Hang on - I should have some pix - I'll find and post.


----------



## pragmatic_lee (Jan 19, 2008)

Carpet is cut with just a utility knife in 2' x 4' sections. The carpet shown here has about a 1/2" pile. The individual pieces are stacked and then compress with all-thread rods. Expect about a 20% compression rate. 

Carpet stacks should have some type of roof for protection from the weather. This target has a back-stop since it is approximately a 30 degree upward shot - plus the pistol range is behind it.

BTW: my arrows are the green nocks/orange vanes - not a "pretty" 20, but a 20 none the less. :shade: And to vindicate Deon a little (2 arrows off the paper), I don't think he had ever even seen a target this close, let alone shoot 1. Took him a few shoots to figure it out.


----------



## bgriffin (Aug 14, 2008)

compressed carpet bails all the way. used them last year for my indoor range and they were great to say the least. will have 6 of them for this years indoor league. they are 4'X4'X12" and catch arrows solidly with easy arrow removal.


----------



## blueglide1 (Jun 29, 2006)

Excelsior bales.


----------



## pragmatic_lee (Jan 19, 2008)

bgriffin said:


> compressed carpet bails all the way. used them last year for my indoor range and they were great to say the least. will have 6 of them for this years indoor league. they are 4'X4'X12" and catch arrows solidly with easy arrow removal.
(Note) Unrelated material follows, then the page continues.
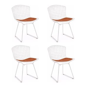 AS IMAGENS SÃO MERAMENTE ILUSTRATIVAS E PODEM SOFRER VARIAÇÕES DE COR E PEQUENOS DETALHES DE ACORDO COM O SEU MONITOR, ILUMINAÇÃO DO AMBIENTE E ATÉ MESMO A SUA PERCEPÇÃO VISUAL.Kit 4 Cadeiras Bertoia Branca com Assento Cobre
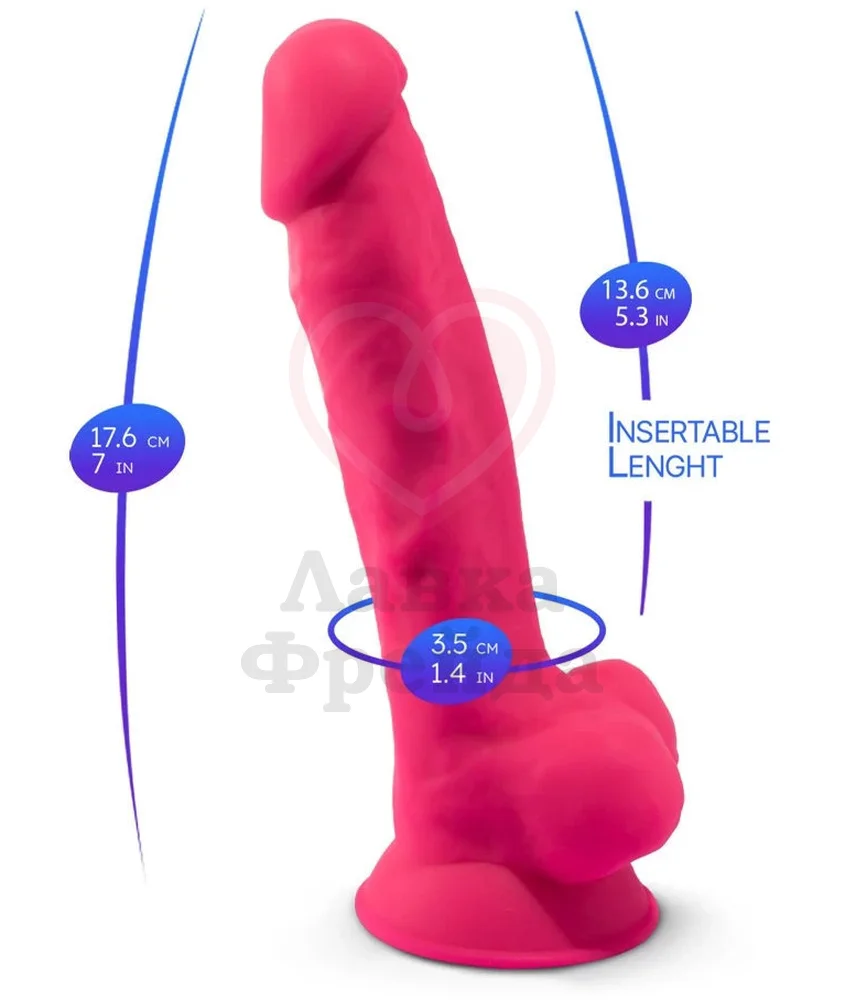 Ярко-розовый фаллос имеет выраженную головку, мошонку и круглую присоску в основании, что подходит для использования без рук или для страпона. Совместим со смазками только на водной основе, а чтобы очистить, воспользуйтесь специализированным антибактериальным средством для игрушек.

I always thought that 12" would be deep enough as well, but Jarlicker made all of his 24" deep. Of course with the all-thread, you can tighten them enough to stop the arrow in just a few inches.


----------



## feildfool (Jul 22, 2009)

*From the immortal words of Sir Mix-a-lot*

Oh my God
Becky, look at her butt
Its so big
She looks like one of those rap guys girlfriends
Who understands those rap guys
They only talk to her because she looks like a total prostitute
I mean her butt
It's just so big
I can't believe it's so round
It's just out there
I mean, it's gross
Look, she's just so......
:darkbeer:

Serious now, I prefer the kind of butts like they had at Mechanicsburg, PA.


----------



## Scott.Barrett (Oct 26, 2008)

I voted other....Laura Francese!!!!


----------



## feildfool (Jul 22, 2009)

feildfool said:


> Oh my God
> Becky, look at her butt
> Its so big
> She looks like one of those rap guys girlfriends
> ...


http://vids.myspace.com/index.cfm?fuseaction=vids.individual&videoid=5447375

Sorry, I couldn't resist posting this one.
:booty:


----------



## Jbird (May 21, 2002)

*Underlayment Material*

Does anyone know where you can get that stiff black woven plastic cloth that is tough as nails and used for highway underlayment? This is the material that many of the target butts at Watkins Glen are covered with.
Last for at least three years of heavy backyard use.
Jbird


----------



## jarlicker (Jul 29, 2002)

The carpet cut 12 inches wide will work fine, but will get shot up rather quickly and would have to be replaced once it is shot out. These 12 inch pieces would fall apart once shot up.
The 24 inch wide carpet can withstand a good beaten. These pieces will stay together and could be moved around the bail if a soft spot starts to appear.
I like the idea of being able to restack the carpet in different ways to keep the same material in use. I have bails that are over 8 years old and still going strong. I have not had any wear out yet. Just keep adding more material due to settling and keep tightening down the tension to keep the bails tight.
Stops all type of arrows well. Easy pulling all the time.


----------



## Brown Hornet (Aug 8, 2002)

feildfool said:


> I prefer the kind of butts like they had at Mechanicsburg, PA.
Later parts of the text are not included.